Gott sei Dank gibt es bei diesem Lockdown keine Ausgangssperren. In den Innenstädten mit Masken, sowie in der Natur im Wald oder entlang von Bächen/Flüssen ohne Masken können wir spazieren, wandern und joggen. Ebenso können wir uns durch Radfahren fit halten, um diese Zwangspause zu überbrücken.

Sehr leid tun mir vor allem die Kinder und Jugendlichen in den Sportvereinen, dass ihr regelmäßiges Training draußen nun z.T. nicht stattfinden kann oder nur unter ganz anderen schwierigen Bedingungen. Im Freien ist die Ansteckungsgefahr meines Erachtens eher gering. Die Sportplätze – auch mit Laufbahnen wie das Grenzlandstadion in Rheydt – dürfen nicht geschlossen werden. Der Sport dient der Fitness und der Gesundheit!"

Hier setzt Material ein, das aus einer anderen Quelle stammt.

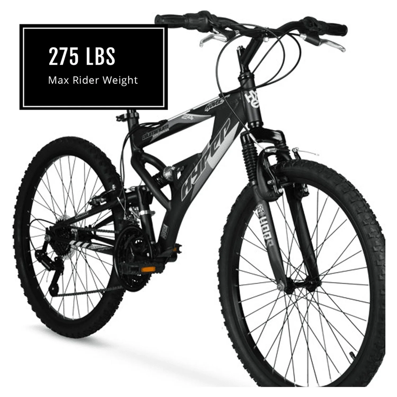 Durable Aluminum dual suspension frame Front suspension fork and rear coil shock 21 speed twist shifters with Shimano rear derailleur Front and rear linear pull brakes Alloy rims and three-piece cranks Max rider weight: 275 lbs Recommended Age Group: 10 to 14 Years Old Durable Aluminum Dual Suspension Frame Front Suspension Fork and Rear Coil Shock 21 Speed Twist Shifters with Shimano rear deraileur Front and Rear Linear Pull Brakes Alloy rims 2-Piece Cranks Max Rider Weight: 275 lbs Recommended Age Group: 10 to 14 Years Old Child, Youth or Adult Mountain Bike Hyper Bicycle Brand Character Group: Havoc

Dirk Graedtke, 1. Vorsitzender SC Velbert:

"Die Entscheidung auszusetzen, ist aufgrund steigender Zahlen grundsätzlich nachvollziehbar, jedoch für uns fragwürdig, ob es einen gewichtigen Effekt auf den Rückgang der Infektionen ausmacht. Ich denke, es liegt am Verhalten eines jeden Einzelnen, unabhängig von den Örtlichkeiten. Die Gefahr, sich zu infizieren, ist in Kabinen und Duschen durchaus hoch. Wenn sich im öffentlichen und privaten Raum alle an die Regeln gehalten hätten und in gegenseitigem Respekt miteinander umgehen würden, lägen die Zahlen sicher nicht dort, wo sie jetzt sind. Also sollte jeder zunächst sich selbst hinterfragen und nicht gleich wieder die Schuldfrage bei allen anderen suchen. Außerdem haben es die Kritiker der Maßnahmen wieder einmal leicht. Denn schließlich stehen sie ja nicht in der Verantwortung für Entscheidungen, die weitreichende Auswirkungen haben könnten und deren Wirkungen sich erst Wochen später ausmachen lassen - wenn überhaupt.

Solange die Einsicht derjenigen, die Großfamilienfeiern und geheime Kneipentreffen organisieren bzw. mitmachen, nicht gegeben ist, solange ist auch keine Besserung zu erwarten."